🧠 Daily Study Log [2025-06-28]
Today was a blend of competition modeling, CV theory reinforcement, and long-term dataset preparation.
I mainly focused on feature engineering in a tabular campaign dataset, studied core cross-validation strategies, and continued data wrangling for a renewable energy forecasting competition.
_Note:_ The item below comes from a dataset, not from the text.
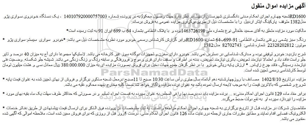 شعبه چهارم اجرای احکام مدنی دادگستری شهرستان اردبیل در نظر دارد جهت وصول محکومٌ به در پرونده شماره 140107920000757003 ، یک دستگاه خودروی سواری پژو RD1600 مدل1382 متوقف پارکینگ ایثار اردبیل را با مشخصات ذیل از طریق برگزاری مزایده عمومی به فروش برساند:

📊 SCU_Competition — Final Optimization Phase

Focus: Maximizing AUC score on a marketing campaign acceptance prediction task
Model: LGBMClassifier with Optuna and RandomSearchCV tuning

Feature Strategy:

Carefully selected cluster-based features (from KMeans on income, spending, visits)
Simplified to top engineered features (purchase sum, wine ratio, web×campaign)

Ensemble Attempt:

Soft voting of top models (11, 9, 23)
Weighted voting (7:3 ratio) outperformed standard ensemble

✅ Takeaways

Found that over-complex stacking/SHAP filtering degraded generalization
Simpler + well-tuned models performed better, especially with clean features + clustering

🧪 CV Theory & Cross-Validation Review

Reviewed StratifiedKFold, GroupKFold, and TimeSeriesSplit
Ran multiple cross_val_score() tests with different seeds and splits
Analyzed gap between local CV AUC and Kaggle leaderboard AUC

✅ Reflections

Reinforced that Kaggle public set ≠ CV folds
CV is not about getting high score — it’s about stability and generalization

🔄 Data Collection — Renewable Energy Forecasting

Target: Predict energy generation per region and energy source
Data: 2019–2023, 5-year monthly generation data from KEPCO and KPX

Work:

Combined multiple Excel sources into unified tables
Processed generation amount, capacity, and aging factors
Structured final format: (region, source, month) → generation

✅ Progress

Cleaned and merged over 30+ CSVs
Grouped by region and source for time-series modeling readiness

🎯 Next Steps

SCU_Competition

Try meta-feature stacking from top model outputs
Build a KMeans cluster → acceptance rate encoding feature

CV Practice

Try nested CV and review model selection pitfalls
Visualize score variance across folds

Forecasting Competition

Add weather & calendar features
Test basic XGBRegressor time-series model

✅ TL;DR

📍 SCU: Cluster features + weighted voting boosted AUC
📍 CV: Refined understanding of validation strategy gaps
📍 Energy: Merged 5-year data — ready for modeling